Use case: Screening and validating drug candidates using a model organism. (A) Conceptual framework. This use case focused on a rare syndrome associated with seizures and other neurological symptoms and caused by bi‐allelic, loss‐of‐function variants in the CAMSAP1 gene. Translator was used to propose drug candidates targeting molecular signaling pathways known to involve CAMSAPs for subsequent in vitro screening in a C. elegans model of the disease. (B) One of the drugs identified as a target for KIF2A was acetylsalicylic acid. An indirect supporting path asserted that “acetylsalicylic acid causes increased activity or abundance of BDNF, which causes downregulated activity or abundance of KIF2A”. Results can be found at: https://ui.transltr.io/results?l=KIF2A%20(Human)&i=NCBIGene:3796&t=2&r=23d52e95&q=b3562865‐bda6‐4e8c‐a83f‐065004983843 (generated 03:03 PM CST, November 06, 2024).
4. Discussion and Next Steps
The current Translator UI [39] embodies a philosophy of minimalist design and progressive disclosure, carefully crafted to manage the complexity of vast biomedical data and the Translator infrastructure. This approach prioritizes user experience by presenting a clean, intuitive interface that the user can customize, gradually revealing more detailed information as needed. This design strategy has proven effective in handling single‐query interactions, allowing users to navigate from broad search terms to specific, evidence‐backed relationships derived from the underlying Translator system. Herein, we present three application use cases, each one highlighting key features of the UI and the application of Translator to drive translational innovation by suggesting therapeutics for rare disease, explaining the mechanism of action of a pipeline drug, and providing candidate drug targets for subsequent screening and validation in a model organism.
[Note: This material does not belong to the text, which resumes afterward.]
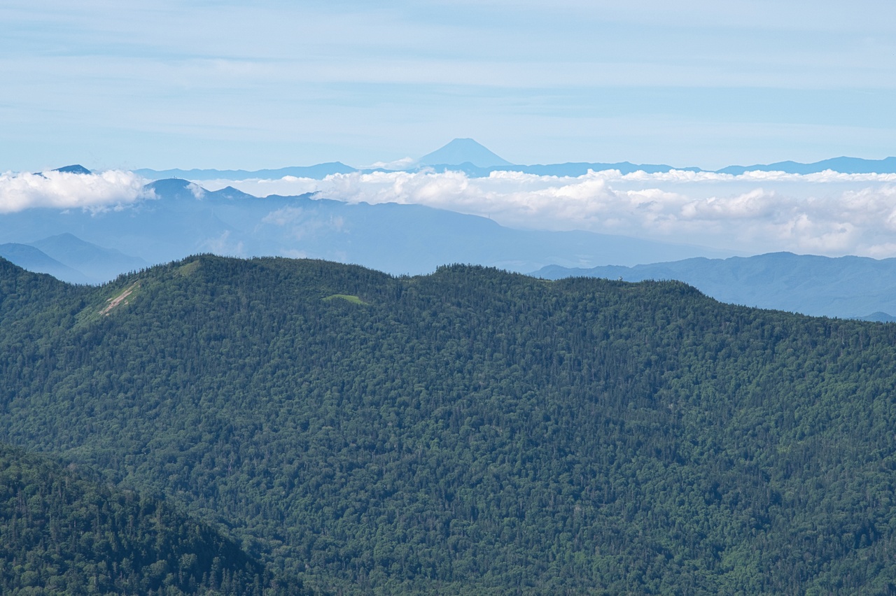 遠く彼方にひょこりと富士山が頭をのぞかせています。そもそも尾瀬から富士山が見えるという事実を初めて知りました。東北地方の山からでも見えるとは、さすがは日本一の山です。

Translator is not the only biomedical KG‐based system available today; others include Causaly [40], Elsevier's EmBiology [41], BIOTEQUE [42, 43], Open Targets [44], and STRING [45] (also see Haas [46]). We note, however, that Translator differs from these systems in several distinct ways (see Table 1 for a qualitative comparison of Translator versus select biomedical KG‐based systems). First, both the Translator UI and the underlying infrastructure are open source and publicly available, while most other systems are proprietary. Second, Translator is not simply a biomedical question‐answer system; rather, Translator provides a comprehensive reasoning system that is largely federated and operates on numerous KGs to derive answers to user queries. Indeed, the federated nature of the Translator system allows for a hybrid approach to reasoning, leveraging the strengths of distinct reasoning systems and algorithms and operating on both static and dynamic underlying knowledge sources in near–real time. Other KG‐based biomedical systems likewise invoke advanced reasoning algorithms, but these systems are designed to operate on single KGs and, in some cases, highly specialized data sources, such as pathways (BIOTEQUE) [42, 43] or proteins (STRING) [45]. Finally, a major strength and distinguishing feature of Translator is that the system is fully transparent and provides users with the underlying evidence, provenance, and confidence supporting its answers. The provenance includes the “primary knowledge source”, which is the source that provided a specific edge assertion (e.g., CTD), and the “knowledge level”, which is the type of knowledge that is being reported (e.g., a general statement of knowledge, a statistical association, computational predictions). Other examples of evidence and provenance for edges and results, include (when available) supporting publications, p values, and experimental data such as binding affinities. Translator provides confidence in results by way of a “Confidence Score”, which is a composite of individual scores returned from each of the ARAs, with each ARA developing its score based on its choice of evidence and logic. The UI provides a facet to filter out direct results for users who may be more interested in the novelty or originality of indirect results. (See “Result Scoring and Annotation” and “Evidence and Provenance” sections of the Supporting Information, pp. 9–12.)
TABLE 1.
Qualitative comparative analysis of Translator and several other biomedical KG‐based systems.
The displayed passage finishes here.